As it waits to hear whether the grand jury will indict officer Darren Wilson in the death of unarmed black teenager Michael Brown, Ferguson is preparing for the worst: that the grand jury will decide not to indict Wilson, leading to more outrage and unrest in the streets of Ferguson.*
* St. Louis County Police have ordered 0,000 in new equipment, including riot helmets, shields, teargas, grenades, batons, pepper balls, and CS sting grenades.
* St. Louis Police Chief Sam Dotson has ordered $325,000 in undisclosed equipment to use on protestors.
* Ferguson police have asked for a no-fly zone over Ferguson, to keep the media out. Only police helicopters and commercial flights will be allowed.
* Gun sales have spiked in Ferguson. One gun shop saw a 700 percent increase in sales.
Speculation over further unrest misses the point that the anger and frustration seen in Ferguson is much bigger than the death of Michael Brown or the indictment of Darren Wilson.

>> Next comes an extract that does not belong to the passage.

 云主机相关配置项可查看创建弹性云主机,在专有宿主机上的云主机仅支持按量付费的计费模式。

As one, young Ferguson protestor put it, Michael Brown was just the final straw.
“We could just say Brown was the final straw; it was the straw that broke the camel’s back,” said Victoria Donaldson, 26, of St. Louis. “So until they fix that problem where young black men are being shot down or killed — not even young black men, just black men in general — are being completely disrespected and being treated like animals till the point of death, until that changes it will continue to be something that just upsets us.”

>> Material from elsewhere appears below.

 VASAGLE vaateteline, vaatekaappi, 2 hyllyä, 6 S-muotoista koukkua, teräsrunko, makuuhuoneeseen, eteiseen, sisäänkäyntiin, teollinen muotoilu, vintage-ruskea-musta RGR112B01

Ferguson was a city of stark racial disparities long before Michael Brown’s death.
But the story of how it got that way isn’t what we’ve been told in the media, as Richard Rothstein points out in his report, The Making of Ferguson: Public Policies at the Root of its Troubles. Media outlets blamed “white flight” for flipping inner-ring suburbs like Ferguson from white to black, and the private prejudices of white homeowners for keeping outer-ring suburbs white. “A more powerful cause,” Rothstein writes, “is the explicit intents of federal, state, and local governments to create racially segregated metropolises.”

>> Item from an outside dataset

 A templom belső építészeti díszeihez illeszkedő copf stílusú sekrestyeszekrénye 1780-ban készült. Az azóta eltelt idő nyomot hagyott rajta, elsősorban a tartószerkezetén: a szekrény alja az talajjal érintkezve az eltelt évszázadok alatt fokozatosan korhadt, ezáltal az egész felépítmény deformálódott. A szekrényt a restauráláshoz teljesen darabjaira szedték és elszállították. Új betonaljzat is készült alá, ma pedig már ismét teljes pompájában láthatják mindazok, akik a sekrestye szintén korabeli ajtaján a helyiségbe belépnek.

Starting in the Jim Crow era, city planning councils prevented “colored people” from moving into “finer residential districts,” and designated areas in, or adjacent to black neighborhoods for industrial development, and using industrial areas as a buffer between back and white neighborhoods. Black neighborhood were denied public services — like streetlights, garbage collection, access to municipal water. Government policy effectively turned those neighborhoods into slums. White homeowners came to associate blacks with slum dwelling, leading to problems when black families tried to buy homes in white neighborhoods.
By the 30s and 40s, cities began clearing slums to use for “better and higher purposes,” like building waterfront development, highway exchanges, and universities. Meanwhile, the when the New Deal built the first public housing in America, the Public Works Administration’s (PWA) “neighborhood composition rule” perpetuated municipal segregationist policies, by stipulating that public housing project could not alter the racial composition of the neighborhoods where they were built. The PWA even segregated its work crews across the country.
Blacks were pushed into areas like Ferguson. Meanwhile, whites moved to outer-suburbs, where restrictive covenants prohibited white homeowners from selling to blacks. These covenants began as private commitments between neighbors, but were soon adopted by real estate boards. The Federal Housing Administration (FHA) subsidized the mass production of suburbs, but would not guarantee loans to blacks.
By the 1950s, government policies had depopulated central cities of whites, and blacks replaced whites in public housing projects, like St. Louis’ infamous Pruitt-Igoe towers.
Most of the government policies Rothstein cites were no longer in place by the early 1970s. But as Ta-Nehisi Coates explained on Bill Moyers’ program, the consequences outlived the policies themselves.
It wasn’t just housing policy. Rothstein writes that government support of a segregated labor market supplemented racist housing policies, and “prevented most African-American families from acquiring the economic strength to move into middle class neighborhoods,” even if they’d been allowed to.
Again, the economic consequences are still with us, as Sherrliyn Ifill pointed out during EPI’s “The Making of Ferguson” forum.
None of this is likely to be discussed in the event of unrest after the Ferguson grand jury’s decision is announced. It was once well-known history, but it has been conveniently forgotten in favor of easy answers that blame “white flight” and a “culture of poverty” for the disparities that led to despair that exploded into outrage on the streets of Ferguson.
Preparing for outrage and injustice will not save Ferguson, or prevent the next city that’s “one dead black teenager away” from becoming “the next Ferguson.” Nor will, for that matter, an indictment. Nothing will truly prevent “the next Ferguson” until we decide to prepare for justice, by undoing the damage done by decades of policies that went into the making of Ferguson, and cities like it across the country.